▸ **WHAT YOU NEED TO DO**
Among the records below, find the line that has "グリーンスリーブVネックワンピース夏服薄手ショートスカート 夏物 SYJ40901142279"; from there, give the lines again exactly, and stop after the line that has "on Tamron Hall Show on ABC".

#### DATA TO USE

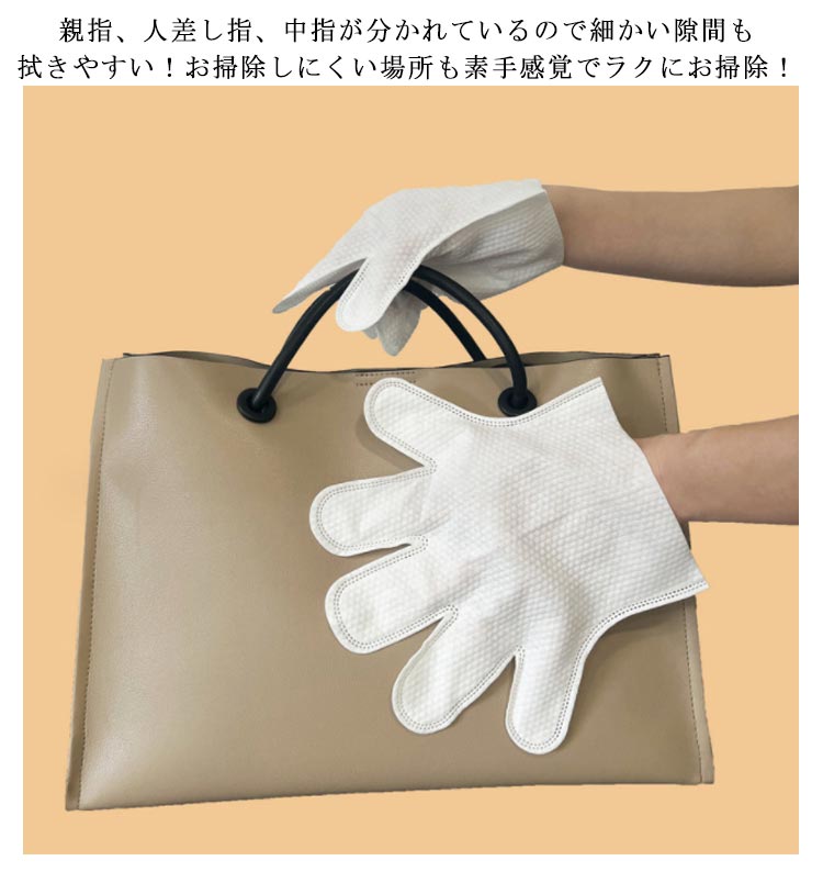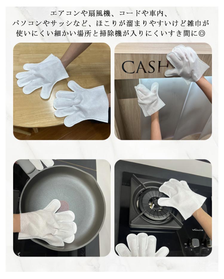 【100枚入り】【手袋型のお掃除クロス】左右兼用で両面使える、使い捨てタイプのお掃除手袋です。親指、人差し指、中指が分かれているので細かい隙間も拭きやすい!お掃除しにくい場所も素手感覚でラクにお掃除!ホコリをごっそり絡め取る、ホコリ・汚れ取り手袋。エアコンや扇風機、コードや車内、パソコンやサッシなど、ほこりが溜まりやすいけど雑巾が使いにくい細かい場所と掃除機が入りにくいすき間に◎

########
#### DATA TO USE

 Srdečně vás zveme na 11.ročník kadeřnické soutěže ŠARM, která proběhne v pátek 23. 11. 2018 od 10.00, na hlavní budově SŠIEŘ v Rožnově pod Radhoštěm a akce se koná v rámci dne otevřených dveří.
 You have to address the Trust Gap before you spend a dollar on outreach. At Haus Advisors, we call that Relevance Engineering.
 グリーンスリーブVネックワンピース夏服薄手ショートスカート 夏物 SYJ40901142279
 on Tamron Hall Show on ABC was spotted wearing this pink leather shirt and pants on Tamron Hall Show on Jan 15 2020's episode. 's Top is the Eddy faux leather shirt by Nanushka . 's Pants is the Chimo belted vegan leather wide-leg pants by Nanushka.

########

▸ **ANSWER SECTION**
 グリーンスリーブVネックワンピース夏服薄手ショートスカート 夏物 SYJ40901142279
 on Tamron Hall Show on ABC was spotted wearing this pink leather shirt and pants on Tamron Hall Show on Jan 15 2020's episode. 's Top is the Eddy faux leather shirt by Nanushka . 's Pants is the Chimo belted vegan leather wide-leg pants by Nanushka.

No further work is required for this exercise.